45. Learned counsel submits that there was no legal agreement executed
by the complainant in respect of the alleged loan. The complainant
failed to produce any written document of loan confirmation or loan
agreement to substantiate his claim of advancing financial assistance
of such a huge amount. Reliance, in such regard, is placed on the
following judgments:
I) Krishna Janardhan Bhat Vs. Dattatraya G. Hegde [AIR (2008) 4
SC 1325];
II) John K. John Vs. Tom Varghese (supra);
III) Rev. Mother Marykutty Vs. Reni C. Kottaram [(2013) 1 SCC 327];
IV) Basalingappa Vs.
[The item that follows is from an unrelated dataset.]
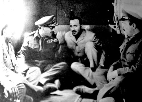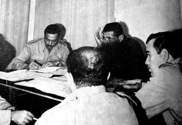 العقيد عبد المنعم خليل ينظر في أوراقه وبجواره المشير عامر

Mudibasappa (supra).
46. Learned counsel further submits that the issue of legal recovery of
debt is not a matter of presumption under Section 139 of the N.I. Act,
which merely raises presumption in favour of the holder of the cheque
that the same has been issued for discharge of any debt or other
liabilities.
47. Learned counsel for the respondent no.1 next submits that the PW1 is
unaware as to when and why the alleged 'financial assistance' was
advanced to the accused and when he started demanding back the
same. Learned counsel relied on relevant extract from pages 7 and 8
of the Paper Book to harp on such point and relied on John K.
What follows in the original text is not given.